# [REQUIRED ACTION]
Among the entries below, only the lines from the one with "Viscose Tie Dress Trinidad Ocean" through the one with "THỜI LƯỢNG PIN" are wanted, reproduced exactly. Pictures are not wanted.

# [SUPPLIED RECORDS]
::::::
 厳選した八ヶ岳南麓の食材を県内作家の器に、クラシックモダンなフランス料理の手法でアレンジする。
::::::
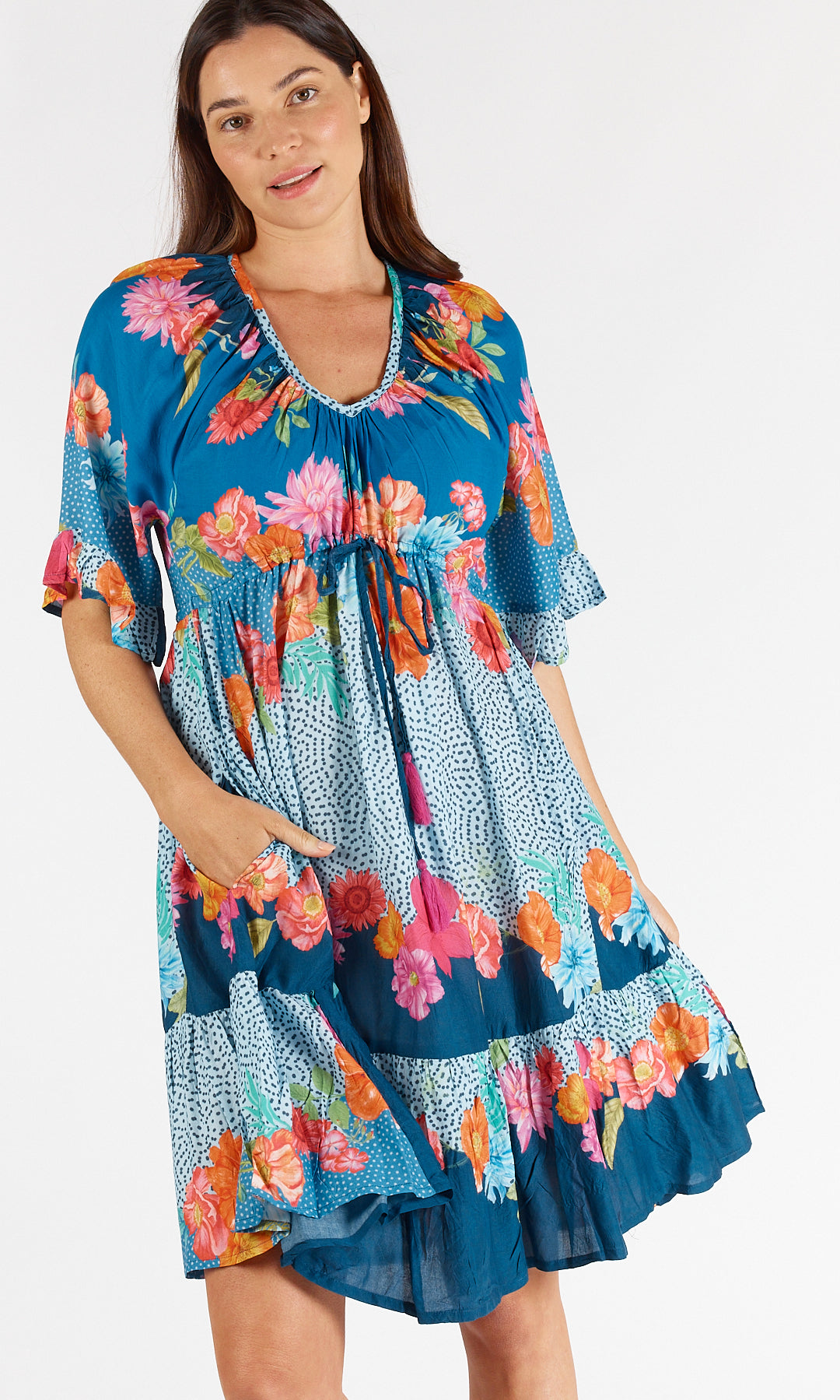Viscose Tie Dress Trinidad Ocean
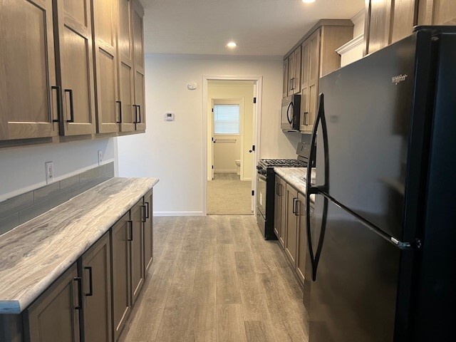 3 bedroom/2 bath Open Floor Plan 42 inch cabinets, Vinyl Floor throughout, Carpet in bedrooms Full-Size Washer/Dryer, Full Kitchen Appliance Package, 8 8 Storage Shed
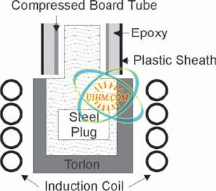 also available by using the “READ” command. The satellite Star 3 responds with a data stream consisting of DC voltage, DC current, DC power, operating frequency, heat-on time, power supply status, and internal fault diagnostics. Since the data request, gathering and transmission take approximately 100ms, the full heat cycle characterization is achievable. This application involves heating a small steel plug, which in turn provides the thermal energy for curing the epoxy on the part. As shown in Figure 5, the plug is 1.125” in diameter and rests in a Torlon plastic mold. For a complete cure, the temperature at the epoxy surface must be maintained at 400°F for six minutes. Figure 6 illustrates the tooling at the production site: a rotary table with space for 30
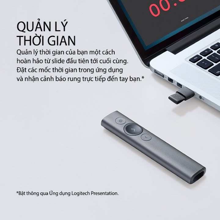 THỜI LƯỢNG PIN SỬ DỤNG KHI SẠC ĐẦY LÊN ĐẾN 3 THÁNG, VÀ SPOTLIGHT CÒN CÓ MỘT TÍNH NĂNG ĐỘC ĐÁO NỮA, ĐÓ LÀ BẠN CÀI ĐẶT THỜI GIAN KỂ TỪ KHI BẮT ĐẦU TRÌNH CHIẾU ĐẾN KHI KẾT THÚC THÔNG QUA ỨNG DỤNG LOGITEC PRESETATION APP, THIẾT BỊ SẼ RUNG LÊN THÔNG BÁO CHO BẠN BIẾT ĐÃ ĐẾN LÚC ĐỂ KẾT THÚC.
::::::
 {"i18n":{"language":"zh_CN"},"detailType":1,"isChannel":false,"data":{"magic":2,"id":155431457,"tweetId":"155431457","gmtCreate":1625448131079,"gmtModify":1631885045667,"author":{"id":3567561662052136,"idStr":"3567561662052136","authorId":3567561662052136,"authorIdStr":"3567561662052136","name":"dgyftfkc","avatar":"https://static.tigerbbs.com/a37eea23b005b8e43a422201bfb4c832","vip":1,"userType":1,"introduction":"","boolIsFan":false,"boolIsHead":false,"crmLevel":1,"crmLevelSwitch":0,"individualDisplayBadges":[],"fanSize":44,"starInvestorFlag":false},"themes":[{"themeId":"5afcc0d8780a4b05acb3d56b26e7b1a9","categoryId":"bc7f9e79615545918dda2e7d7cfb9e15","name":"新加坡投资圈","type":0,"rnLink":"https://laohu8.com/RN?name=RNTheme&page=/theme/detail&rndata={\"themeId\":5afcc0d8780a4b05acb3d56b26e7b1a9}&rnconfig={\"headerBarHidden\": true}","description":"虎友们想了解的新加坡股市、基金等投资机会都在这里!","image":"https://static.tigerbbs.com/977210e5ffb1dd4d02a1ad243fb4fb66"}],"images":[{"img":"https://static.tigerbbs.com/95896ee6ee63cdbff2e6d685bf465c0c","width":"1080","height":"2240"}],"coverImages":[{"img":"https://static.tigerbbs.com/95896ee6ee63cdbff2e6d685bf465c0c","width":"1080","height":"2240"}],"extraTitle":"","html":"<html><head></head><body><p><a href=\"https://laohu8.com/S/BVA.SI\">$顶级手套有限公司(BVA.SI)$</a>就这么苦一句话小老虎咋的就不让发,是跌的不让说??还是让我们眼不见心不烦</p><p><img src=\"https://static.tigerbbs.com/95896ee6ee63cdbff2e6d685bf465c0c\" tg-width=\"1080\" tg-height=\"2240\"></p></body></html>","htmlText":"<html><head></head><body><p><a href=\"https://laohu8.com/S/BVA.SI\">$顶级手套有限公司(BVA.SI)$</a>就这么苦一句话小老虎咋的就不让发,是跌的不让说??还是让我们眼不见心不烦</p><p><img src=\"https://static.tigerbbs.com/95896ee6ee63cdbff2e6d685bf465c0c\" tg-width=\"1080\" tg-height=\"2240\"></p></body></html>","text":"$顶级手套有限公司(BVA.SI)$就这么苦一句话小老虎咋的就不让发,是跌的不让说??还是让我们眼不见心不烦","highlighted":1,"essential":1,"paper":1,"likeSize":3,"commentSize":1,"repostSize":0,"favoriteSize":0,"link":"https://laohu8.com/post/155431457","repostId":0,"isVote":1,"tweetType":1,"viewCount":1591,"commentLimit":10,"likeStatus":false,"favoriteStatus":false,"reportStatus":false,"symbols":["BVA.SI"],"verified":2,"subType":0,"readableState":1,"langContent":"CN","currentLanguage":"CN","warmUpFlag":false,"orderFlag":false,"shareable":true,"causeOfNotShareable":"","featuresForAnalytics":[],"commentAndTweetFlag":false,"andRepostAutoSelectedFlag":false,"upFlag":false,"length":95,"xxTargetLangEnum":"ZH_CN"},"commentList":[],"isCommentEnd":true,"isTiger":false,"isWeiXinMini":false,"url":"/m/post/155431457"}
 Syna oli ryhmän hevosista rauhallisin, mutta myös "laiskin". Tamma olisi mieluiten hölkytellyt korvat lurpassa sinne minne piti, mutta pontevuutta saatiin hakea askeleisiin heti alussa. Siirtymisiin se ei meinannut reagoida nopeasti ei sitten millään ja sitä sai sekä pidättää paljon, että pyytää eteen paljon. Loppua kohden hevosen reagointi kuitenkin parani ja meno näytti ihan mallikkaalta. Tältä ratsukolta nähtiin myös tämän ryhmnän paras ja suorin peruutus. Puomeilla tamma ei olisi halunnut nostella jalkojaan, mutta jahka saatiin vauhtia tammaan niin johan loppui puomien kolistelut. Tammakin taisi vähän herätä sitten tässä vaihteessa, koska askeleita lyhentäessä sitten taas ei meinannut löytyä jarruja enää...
::::::
# [RESPONSE TO THE TASK]
Viscose Tie Dress Trinidad Ocean
 3 bedroom/2 bath Open Floor Plan 42 inch cabinets, Vinyl Floor throughout, Carpet in bedrooms Full-Size Washer/Dryer, Full Kitchen Appliance Package, 8 8 Storage Shed
 also available by using the “READ” command. The satellite Star 3 responds with a data stream consisting of DC voltage, DC current, DC power, operating frequency, heat-on time, power supply status, and internal fault diagnostics. Since the data request, gathering and transmission take approximately 100ms, the full heat cycle characterization is achievable. This application involves heating a small steel plug, which in turn provides the thermal energy for curing the epoxy on the part. As shown in Figure 5, the plug is 1.125” in diameter and rests in a Torlon plastic mold. For a complete cure, the temperature at the epoxy surface must be maintained at 400°F for six minutes. Figure 6 illustrates the tooling at the production site: a rotary table with space for 30
 THỜI LƯỢNG PIN SỬ DỤNG KHI SẠC ĐẦY LÊN ĐẾN 3 THÁNG, VÀ SPOTLIGHT CÒN CÓ MỘT TÍNH NĂNG ĐỘC ĐÁO NỮA, ĐÓ LÀ BẠN CÀI ĐẶT THỜI GIAN KỂ TỪ KHI BẮT ĐẦU TRÌNH CHIẾU ĐẾN KHI KẾT THÚC THÔNG QUA ỨNG DỤNG LOGITEC PRESETATION APP, THIẾT BỊ SẼ RUNG LÊN THÔNG BÁO CHO BẠN BIẾT ĐÃ ĐẾN LÚC ĐỂ KẾT THÚC.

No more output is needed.